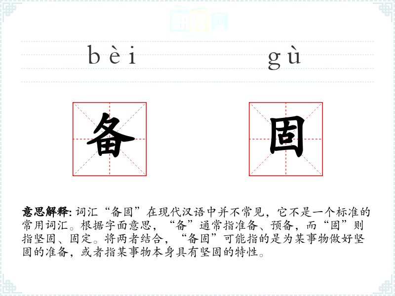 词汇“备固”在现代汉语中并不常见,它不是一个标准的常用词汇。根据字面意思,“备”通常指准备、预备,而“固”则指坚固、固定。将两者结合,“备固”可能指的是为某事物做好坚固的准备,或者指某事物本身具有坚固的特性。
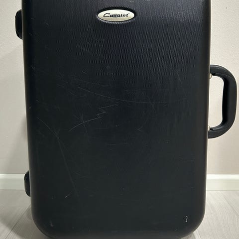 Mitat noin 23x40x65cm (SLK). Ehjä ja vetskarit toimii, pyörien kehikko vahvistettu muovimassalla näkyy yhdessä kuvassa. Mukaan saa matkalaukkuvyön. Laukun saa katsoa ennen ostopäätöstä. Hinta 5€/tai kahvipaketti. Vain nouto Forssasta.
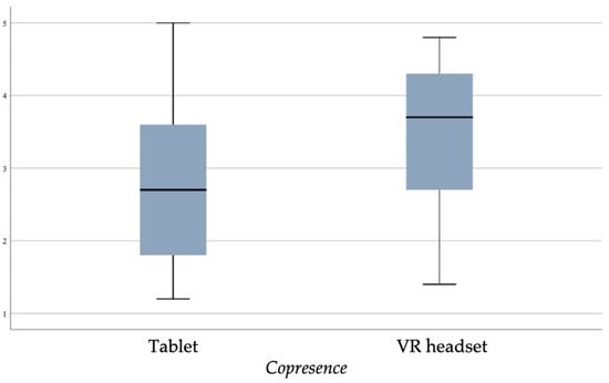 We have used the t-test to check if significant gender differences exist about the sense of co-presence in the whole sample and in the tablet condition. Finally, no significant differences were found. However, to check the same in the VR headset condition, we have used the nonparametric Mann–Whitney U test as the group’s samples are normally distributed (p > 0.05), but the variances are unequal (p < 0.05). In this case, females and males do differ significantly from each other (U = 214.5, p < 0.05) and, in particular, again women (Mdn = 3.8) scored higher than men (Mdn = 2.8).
--
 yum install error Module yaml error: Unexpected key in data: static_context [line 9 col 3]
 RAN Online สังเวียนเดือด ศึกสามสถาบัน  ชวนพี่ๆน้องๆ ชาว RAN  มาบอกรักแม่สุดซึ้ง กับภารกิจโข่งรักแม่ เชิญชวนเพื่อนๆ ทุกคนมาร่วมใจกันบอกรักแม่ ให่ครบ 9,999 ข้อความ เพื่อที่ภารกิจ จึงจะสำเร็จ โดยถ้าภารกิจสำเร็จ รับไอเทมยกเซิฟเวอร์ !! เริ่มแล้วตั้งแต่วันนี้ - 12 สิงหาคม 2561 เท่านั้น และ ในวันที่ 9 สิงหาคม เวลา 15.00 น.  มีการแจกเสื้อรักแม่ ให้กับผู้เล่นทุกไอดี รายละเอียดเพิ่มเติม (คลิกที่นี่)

AIM OF THE TASK
Within the listing above, write out the stretch from the line with "Mitat noin 23x40x65cm" through the line with "We have used the t-test" exactly. Any pictures are to be left out.

THE COMPLETED TASK
 Mitat noin 23x40x65cm (SLK). Ehjä ja vetskarit toimii, pyörien kehikko vahvistettu muovimassalla näkyy yhdessä kuvassa. Mukaan saa matkalaukkuvyön. Laukun saa katsoa ennen ostopäätöstä. Hinta 5€/tai kahvipaketti. Vain nouto Forssasta.
 We have used the t-test to check if significant gender differences exist about the sense of co-presence in the whole sample and in the tablet condition. Finally, no significant differences were found. However, to check the same in the VR headset condition, we have used the nonparametric Mann–Whitney U test as the group’s samples are normally distributed (p > 0.05), but the variances are unequal (p < 0.05). In this case, females and males do differ significantly from each other (U = 214.5, p < 0.05) and, in particular, again women (Mdn = 3.8) scored higher than men (Mdn = 2.8).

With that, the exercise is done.